Ciro's Italian Village
Ciro’s Italian Village, Washington, D.C. (1930)
Photo courtesy of Bill Walsh, copy editor at The Washington Post.

As more restaurants opened and menus expanded, it was la cucina casalinga, home-cooking, that made them so popular with non-Italians. Paradoxically, this was the very reason that Italians didn’t patronize these first restaurants, even though they had opened within their own neighborhoods. The first generations of Italian-Americans stayed home or ate at the homes of family members.

Despite this lack of community support, Italian restaurants became successful enterprises because they were located in quaint neighborhoods; they offered novelty to their non-Italian diners; and the food was delicious, inexpensive, and abundant.

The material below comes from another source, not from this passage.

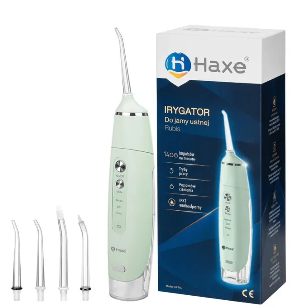 Każdy Irygator do zębów Haxe Rubis zapakowany jest w solidne, eleganckie pudełko, które chroni urządzenie w transporcie i świetnie wygląda jako prezent.

It was that abundance, abbondanza, that finally assured neighborhood Italian restaurants their central place in mainstream American dining. At the height of America’s engagement in World War II, nationwide food shortages often made it more practical for people to eat at an Italian restaurant than to cook at home. Going out had more appeal than using precious household ration allotments for groceries of dubious quality. The War certainly gave the commercial pasta industry a boost, as housewives of all ethnic heritages discovered the economy and versatility of semolina pasta, a commodity not subject to rationing.

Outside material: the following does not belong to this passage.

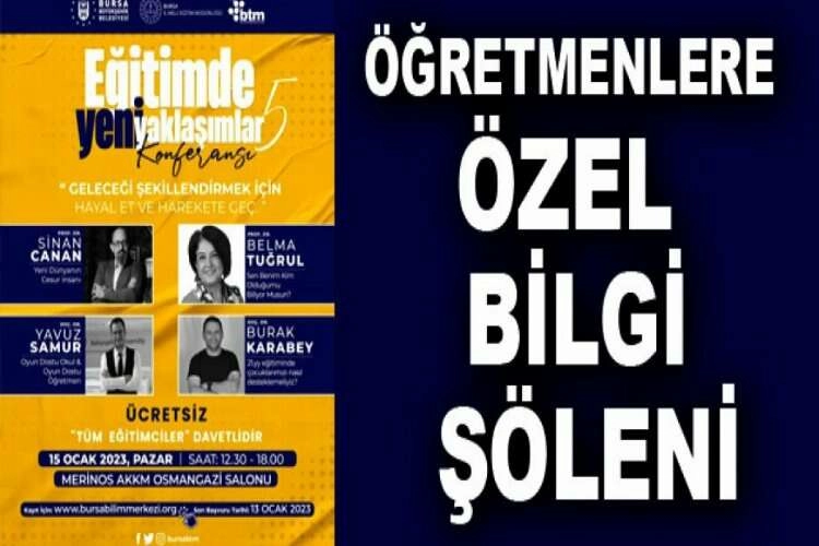 Büyükşehir Belediyesi’nin “Geleceği Şekillendirmek için Hayal Et ve Harekete Geç” temasıyla bu yıl 5’incisini düzenleyeceği Eğitimde Yeni Yaklaşıklar Konferansı, 15 Ocak 2023 Pazar günü 12.30 ile 18.00 saatleri arasında Atatürk Kongre ve Kültür Merkezi Osmangazi Salonu’nda gerçekleştirilecek. Bursa’daki tüm eğitimciler ve eğitime gönül verenlere açık olan ücretsiz konferansta, Prof. Dr. Sinan Canan, Prof. Dr. Belma Tuğrul, Doç. Dr. Yavuz Samur ve Doç. Dr. Burak Karabey, sunumlarıyla eğitim modellerinde yeni yaklaşımları ele alacak.

Efficient railway transportation enabled Italian restaurants to offer diners fresh vegetables like broccoli, fennel, and zucchini long after the relatively short Northeast growing season ended. Only thirty-six hours after leaving the produce farms of northern California, the legendary Great American Lettuce Train would be at Pennsylvania Station in New York City.

Customers learned that Italian restaurants offered far more than a filling meal of pasta with tomato sauce. There was always the crusty bread, candles in Chianti bottles, maybe a nip of Papà’s homemade grappa, and more often than not, a Victrola playing Rossini or Verdi.